| Records for the task |
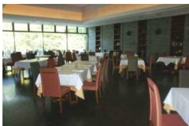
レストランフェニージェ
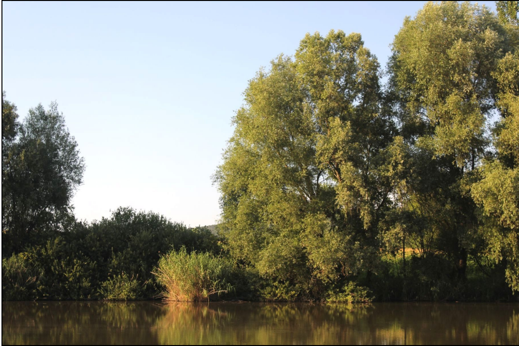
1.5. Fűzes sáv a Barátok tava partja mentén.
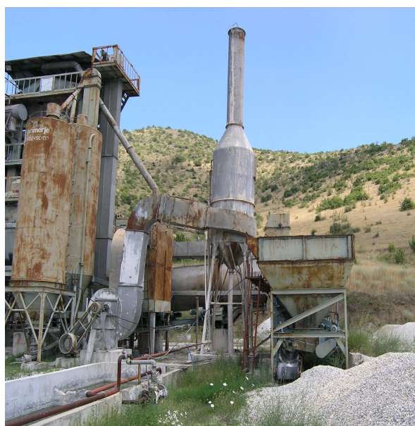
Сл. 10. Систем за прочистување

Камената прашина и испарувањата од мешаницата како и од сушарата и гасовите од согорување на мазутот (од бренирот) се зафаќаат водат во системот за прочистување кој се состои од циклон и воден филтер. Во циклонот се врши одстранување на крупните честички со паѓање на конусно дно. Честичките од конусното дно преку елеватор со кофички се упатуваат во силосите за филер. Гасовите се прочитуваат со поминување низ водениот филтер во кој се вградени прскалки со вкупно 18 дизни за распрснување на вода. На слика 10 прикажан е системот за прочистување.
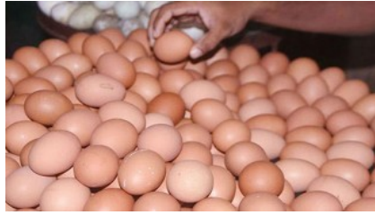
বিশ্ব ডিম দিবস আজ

---

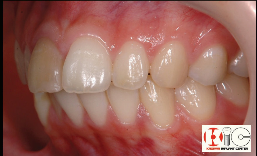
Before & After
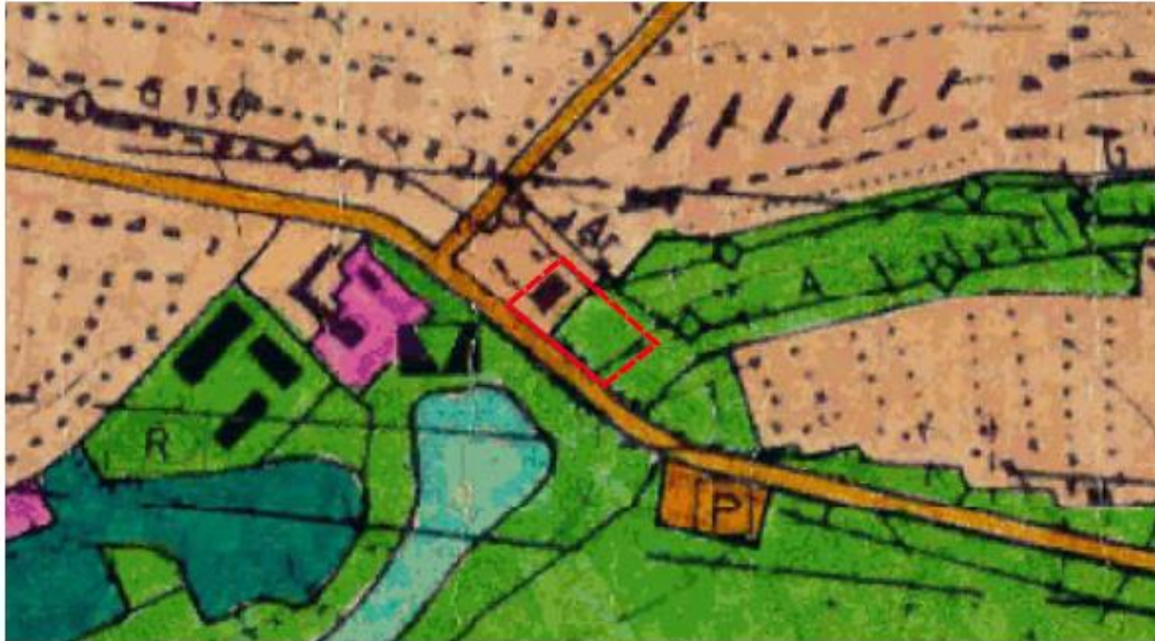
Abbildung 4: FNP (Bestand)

...

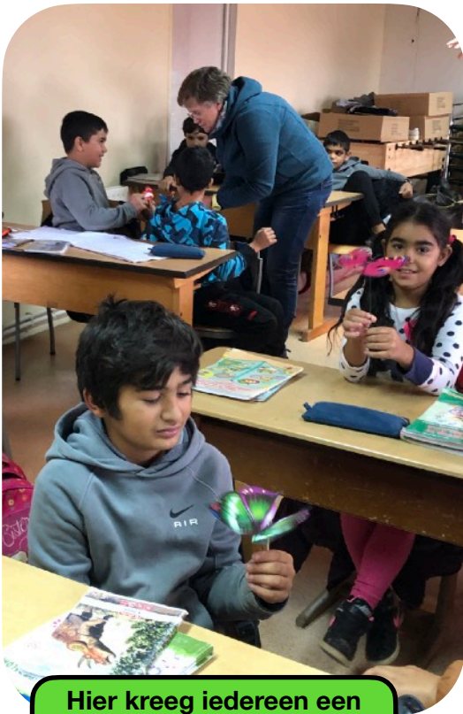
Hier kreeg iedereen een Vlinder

| Problem details |
Exactly the lines above, from the one containing "レストランフェニージェ" down to the one containing "বিশ্ব ডিম দিবস আজ", are to be repeated, including both ends. Pictures are not part of the copy.

| Finished exercise |
レストランフェニージェ
1.5. Fűzes sáv a Barátok tava partja mentén.
Сл. 10. Систем за прочистување

Камената прашина и испарувањата од мешаницата како и од сушарата и гасовите од согорување на мазутот (од бренирот) се зафаќаат водат во системот за прочистување кој се состои од циклон и воден филтер. Во циклонот се врши одстранување на крупните честички со паѓање на конусно дно. Честичките од конусното дно преку елеватор со кофички се упатуваат во силосите за филер. Гасовите се прочитуваат со поминување низ водениот филтер во кој се вградени прскалки со вкупно 18 дизни за распрснување на вода. На слика 10 прикажан е системот за прочистување.
বিশ্ব ডিম দিবস আজ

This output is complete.